Littérature noire
16 Juillet 2024
Il y a chez Denis Soula cette douce humanité que l'on retrouve par exemple chez Marc Villard. Des histoires d'hommes et, surtout, de femmes de tous les jours, pris et prises dans les affres d'un quotidien jamais facile quand on appartient à cette fameuse classe moyenne. Ou lorsque l'on est, encore plus complexe, un étranger sans papier. C'est le cas de Jiordan. Nigérian, c'est un guitariste de haut niveau, ancien partenaire de Fela Kuti, rompu à toutes les scènes d'Europe et qui, un jour, pour les beaux yeux d'une Argentine croisée en France, s'est arrêté à Paris. Depuis, il joue dans différents groupes, tape le boeuf au New Morning et donne des cours de musique dans l'école de son quartier. C'est là qu'il rencontre Claire. Enfin, drôle d'endroit pour une rencontre comme on dit souvent. Lors d'une descente de police musclée, Jiordan se fait embarquer, non sans avoir balancé une belle pogne à un membre des forces de l'ordre tandis que Claire en a giflé un autre. Centre de rétention pour l'un, rappel à l'ordre pour l'autre. Et tous deux vont se revoir, forcément.

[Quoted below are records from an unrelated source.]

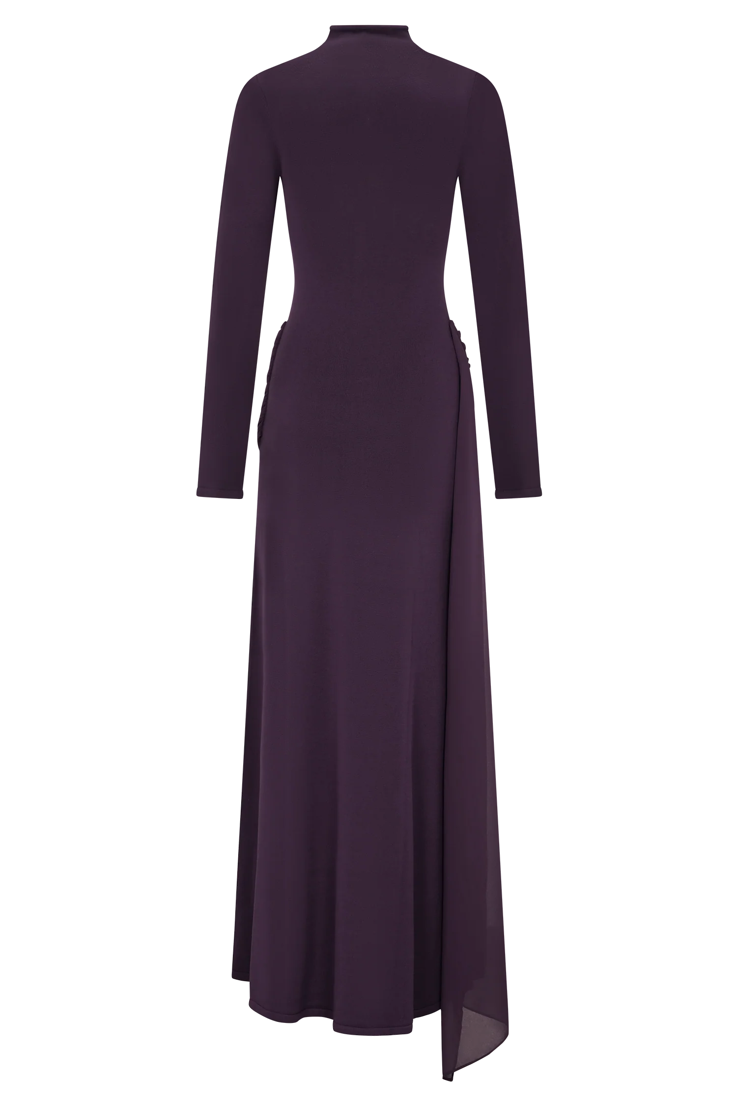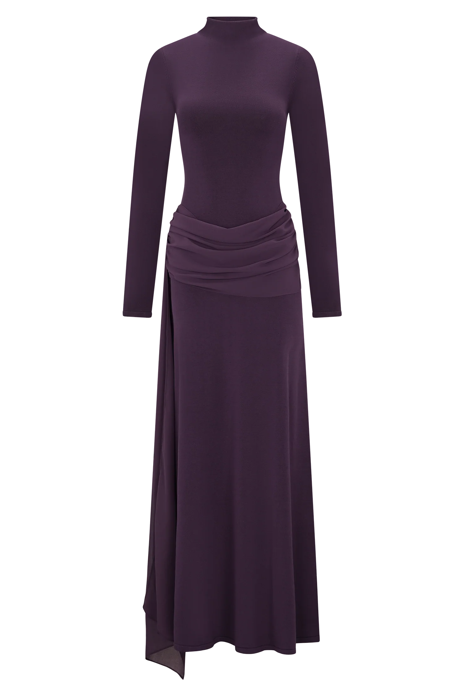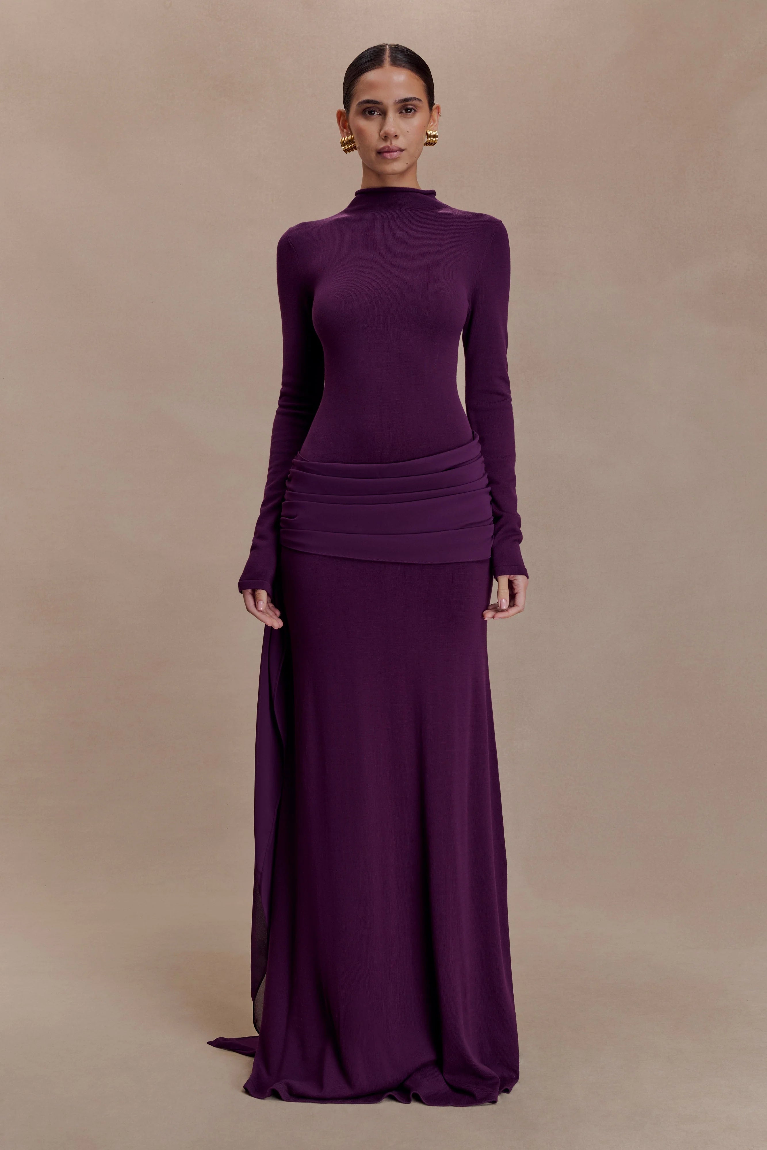 The GRAYSON Knit Chiffon Maxi Dress brings together the structure of knitwear with the fluidity of chiffon. Designed with a high neckline and long sleeves, it’s cut to a bodycon fit through the torso before falling into an A-line skirt that flows gracefully with every step. A chiffon draped overlay detail adds soft dimension and movement, balancing texture with ease. Unlined for a lightweight feel, this dress embodies understated sophistication — refined, modern, and effortlessly wearable.
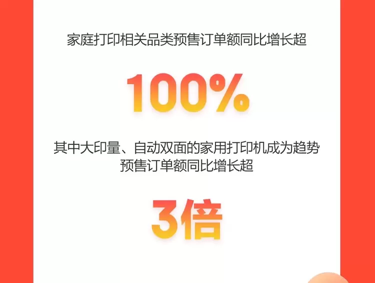 此外,随着居家学习和办公成为了当下常态,打印机正在变得更加智能化、更加切合用户的个性化需求,家用打印机正成为学生一族、办公白领的必备好物。从京东11.11电脑数码的预售战报数据可以看到,家庭打印相关品类预售订单额同比增长超100%,其中大印量、自动双面的家用打印机成为趋势,预售订单额同比增长超3倍。
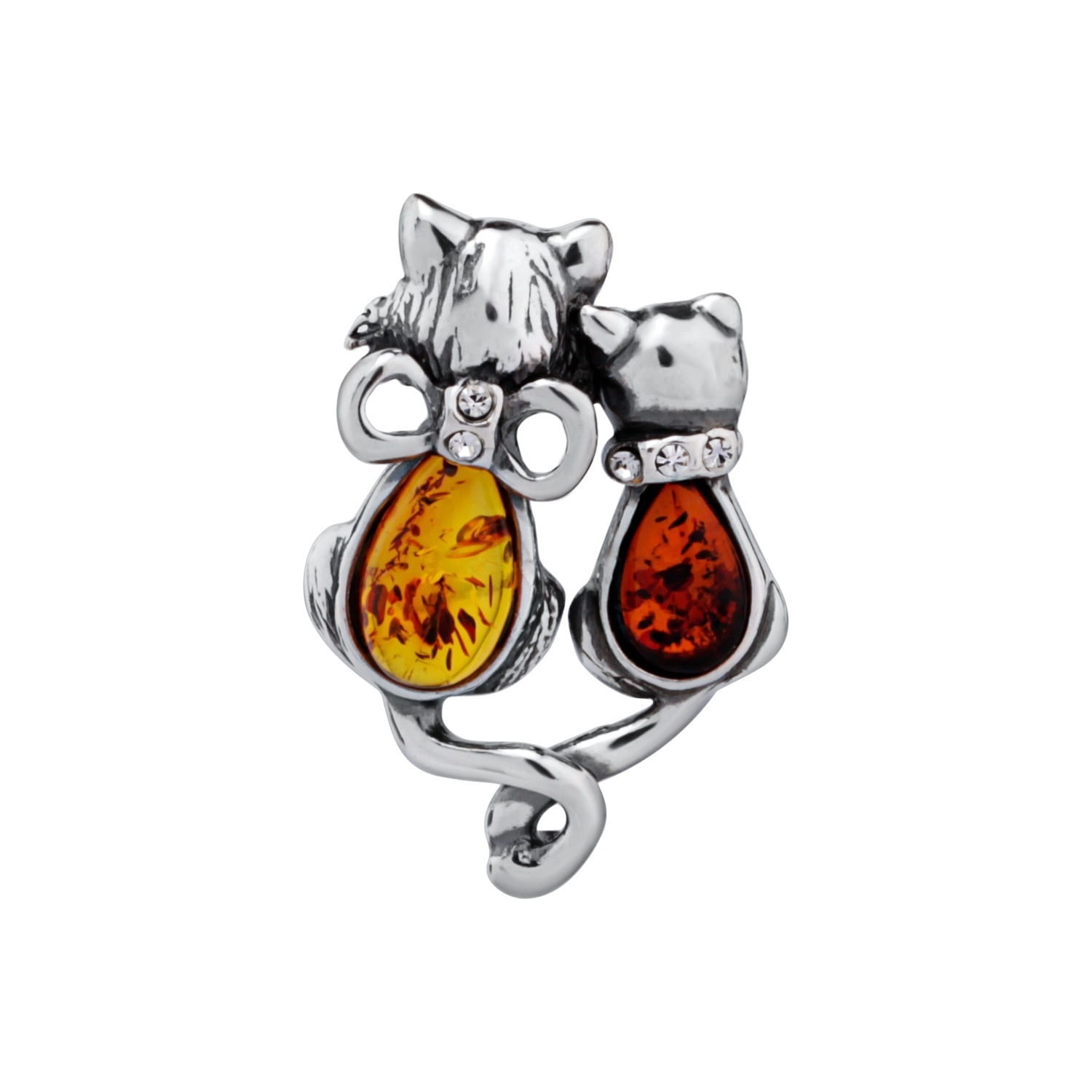 Silver pendant in love with amber kittens
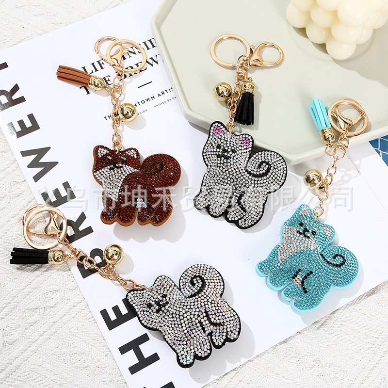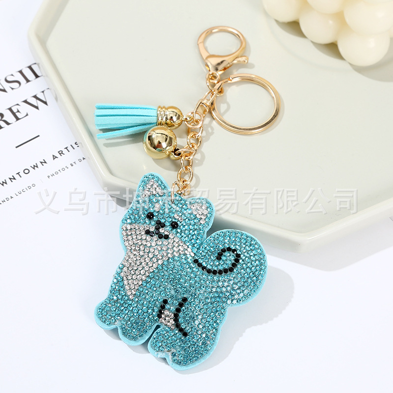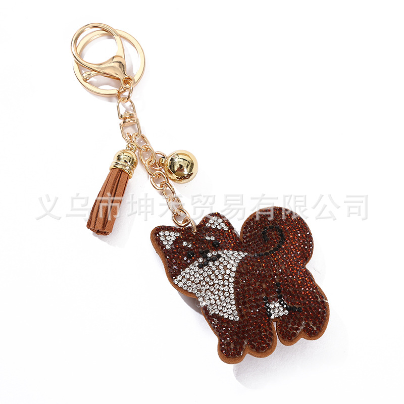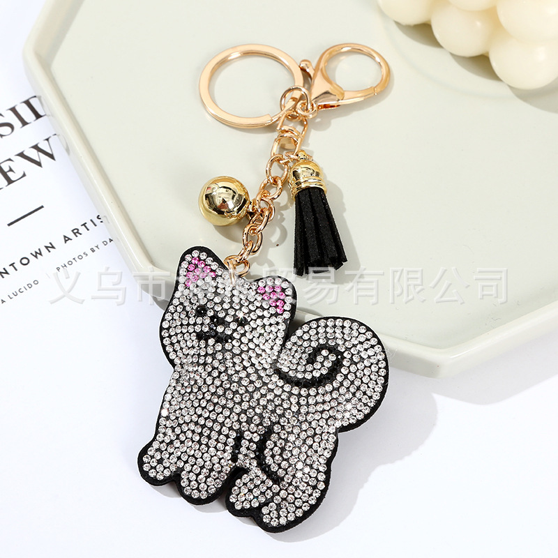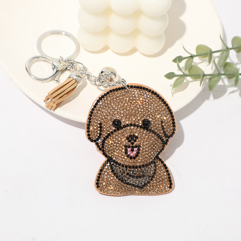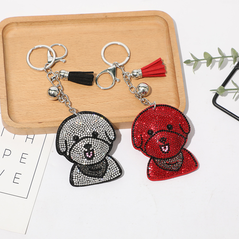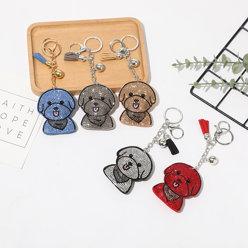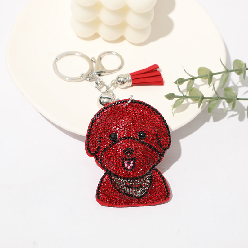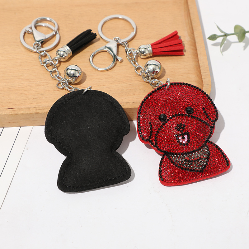 Details:Puppy Dog Crystal Diamante PU Leather Bag Charms Handbag Women Keyring Pendant
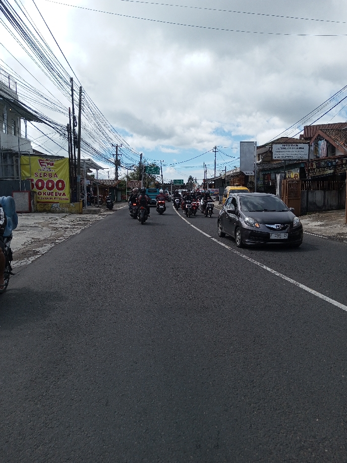 The image displays a two-lane asphalt road under a cloudy sky with visible blue patches. A solid white line delineates the center of the road. On the left side of the road, a multi-story building is partially visible, featuring a large yellow banner with "Eva" branding and Indonesian text reading "SERBA 1000" and "TOKO KUE EVA." A dense network of overhead utility wires extends from multiple poles along this side of the road. In the right lane, a dark gray Honda Brio hatchback with the Indonesian license plate F 1585 ZF is positioned, facing slightly towards the viewer. In the opposing left lane, a group of approximately 10-15 motorcyclists, wearing helmets and dark attire, are traveling away from the viewer in a convoy. Additional motorcycles are visible further down the road, alongside a light blue minivan in the mid-distance. The right side of the road is bordered by a series of single and two-story buildings, exhibiting a mix of architectural styles with some featuring tiled roofs. A green road sign is visible in the mid-ground above the left lane, with unreadable white text. The overall scene depicts a busy street in a town or urban area.
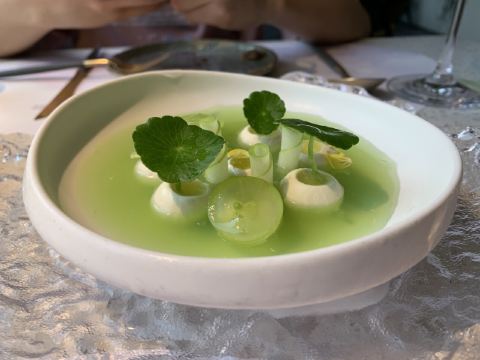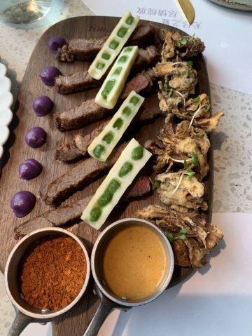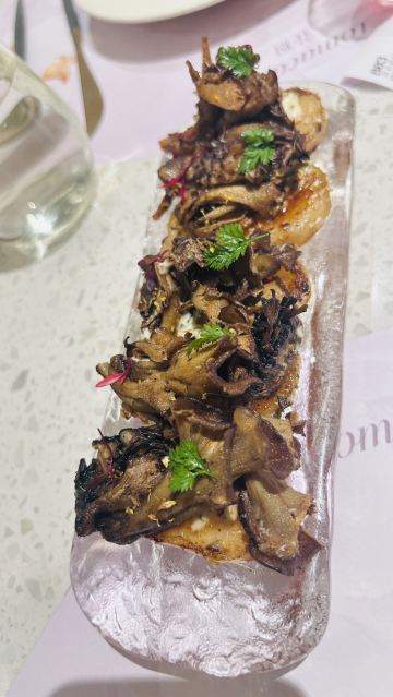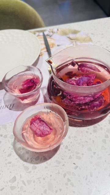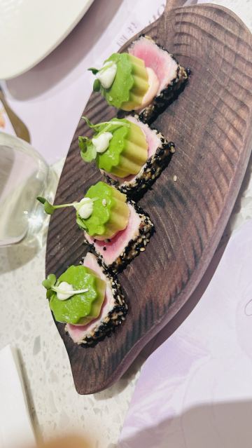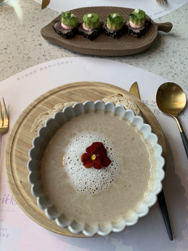 轻煎金枪鱼塔,蜂蜜烤南瓜沙拉,香草烤三黄鸡,香煎菲力牛排,荷塘月色葡萄乌龙冻 ,花厨特色菌菇汤,蓝蝴蝶,寿喜烧牛肉意面 ,螺肉,葡萄乌龙冻
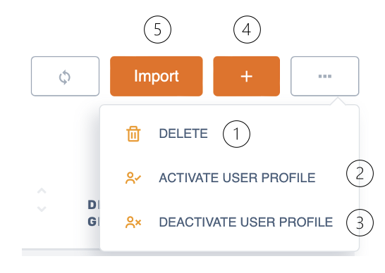 You can deactivate a User Profile, without the need to delete it. This can be done from the Detail page and from the table menu(3) in the User Profiles overview.
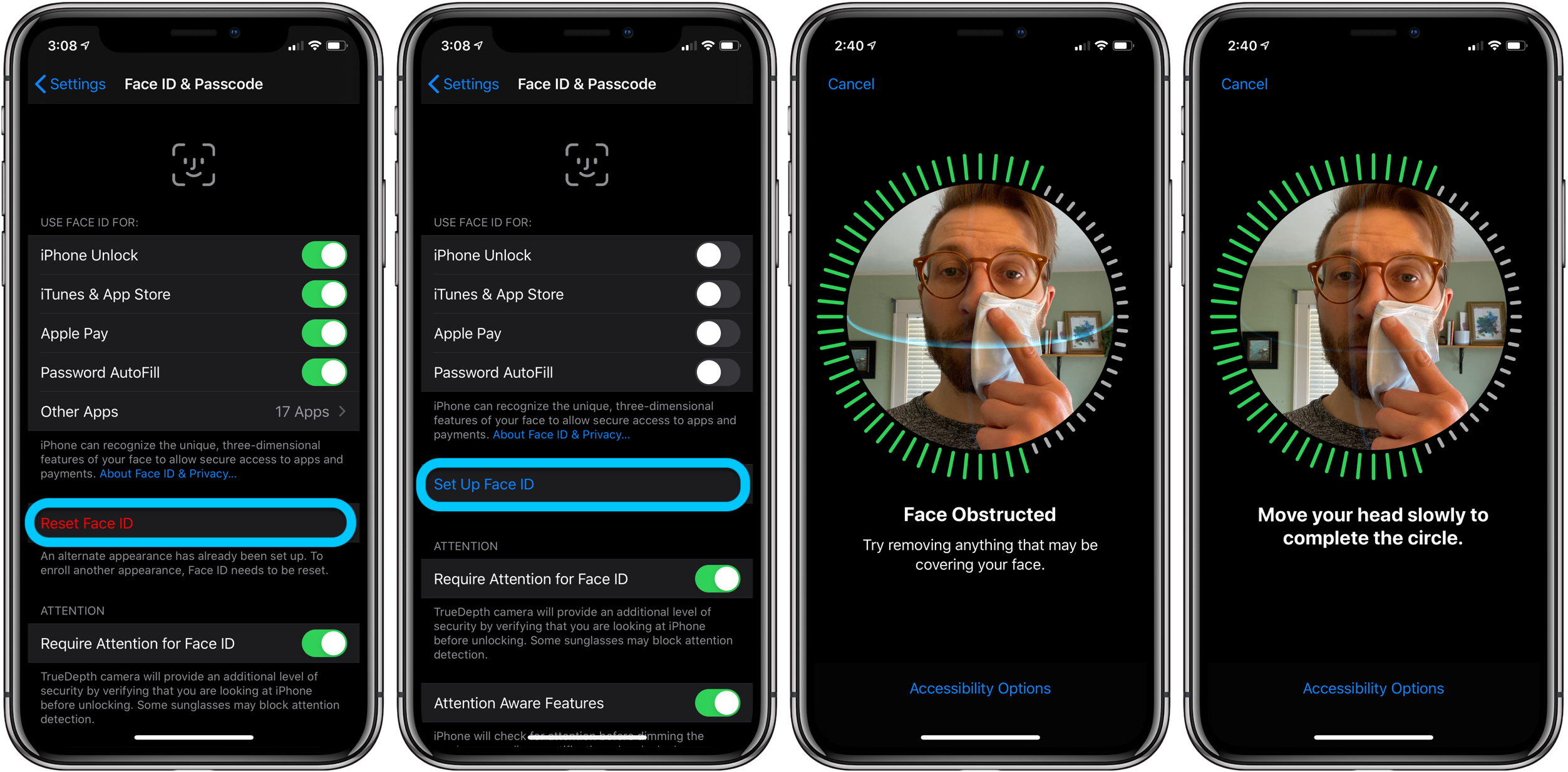或者用口罩遮住半边脸进行录制,也有机会能够骗过Face ID。
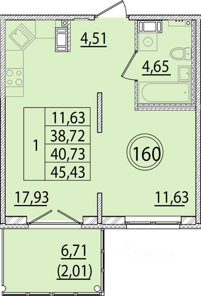 Общая площадь38,72 м2
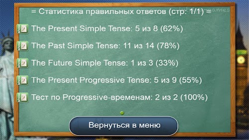 ✔ 5 типов смешанных тестов (тест только по настоящим временам, по прошедшим, по будущим, по Simple'ам, по Progressive'ам)
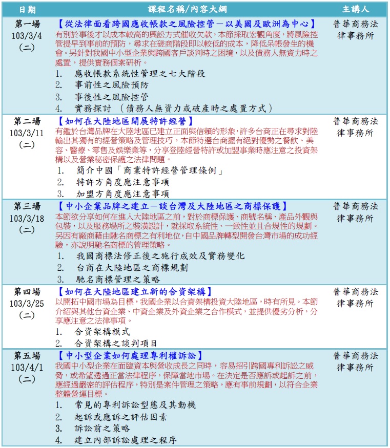 [最新活動] 跨境商務法律事務實務講座2014-02-05
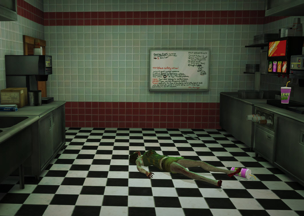 | Maintenance room | Location | Weapon(s) | Creates | Food Magazine(s) | Clothing |
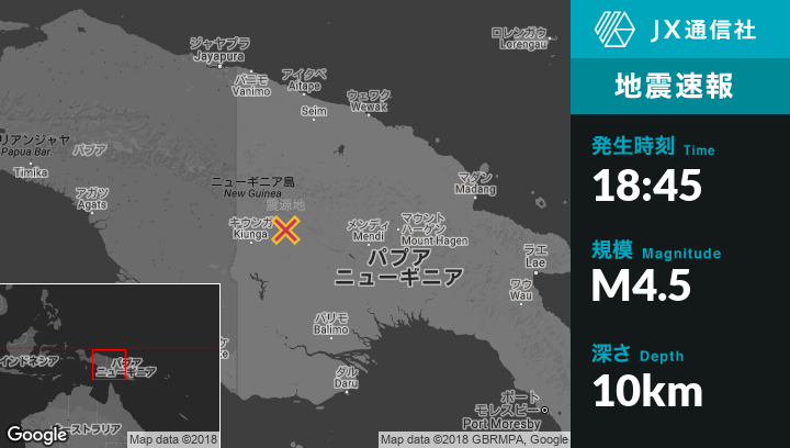 5月20日 18:45頃、パプアニューギニアのKiungaから東北東87kmの地点でM4.5の地震がありました。
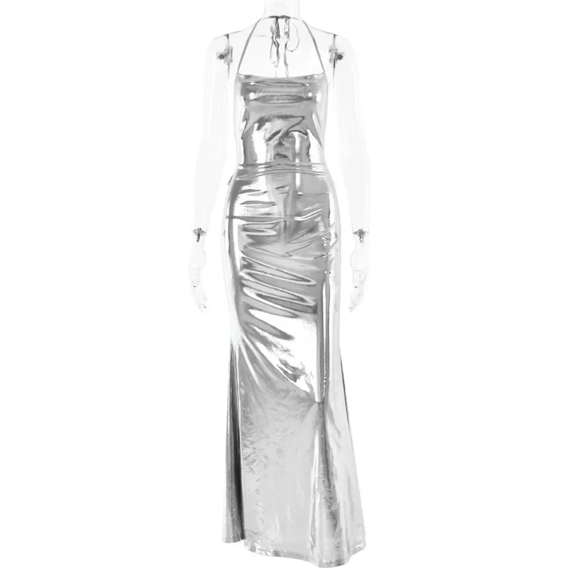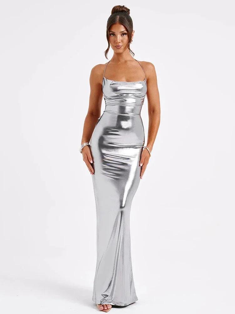 Fleepmart Satin Backless Sexy Maxi Dress for Women Fashion Spaghetti Strap Solid Bodycon Long Dress Femme Club Party Long Dress
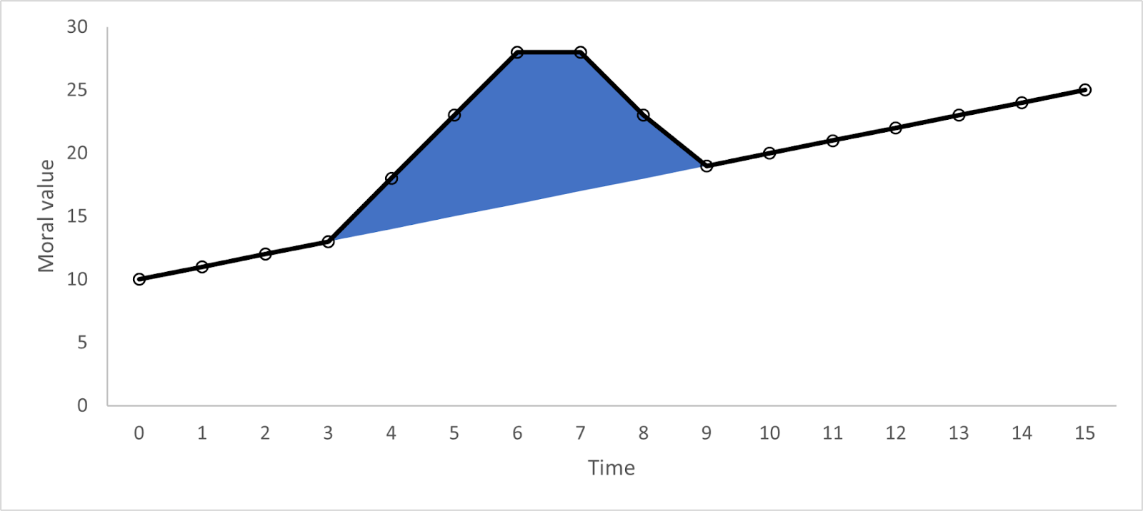 Figure 2: Position rubber banding. The blue zone shows the counterfactual difference caused by the moral progress that starts at time point 3 and reverts by time point 9.

Alors écrit comme ça, peut-être que c'est léger. Mais avec les mots de Denis Soula cela prend une toute autre envergure heureusement. Premier de ses courts romans parus chez Joelle Losfeld, Mektoub est bien entendu différent de ceux qui suivront mais ressemble en fond à Un amour électrique pour ces sentiments naissants, ce frisson du premier regard, ces palpitations incontrôlables. Oui, Denis Soula connaît les choses du coeur et les peint avec une belle pudeur. Y compris, comme ici, dans les ruptures.
Et puis Denis Soula, qui est définitivement un bon gars, s'y connaît en musique on le sait et navigue là dans des eaux improbables entre Fela donc et Bob Dylan, presque un maître à penser pour Claire. L'irruption des paroles est toute en finesse jamais envahissante et donne un vrai cachet, peut-être même du réalisme dans ce personnage féminin.
Comme ces autres opus chez cette éditrice, cela se lit en une bonne journée, parce que c'est court mais surtout parce que c'est vivant, rythmé et, encore une fois, d'une humanité douce mais combative.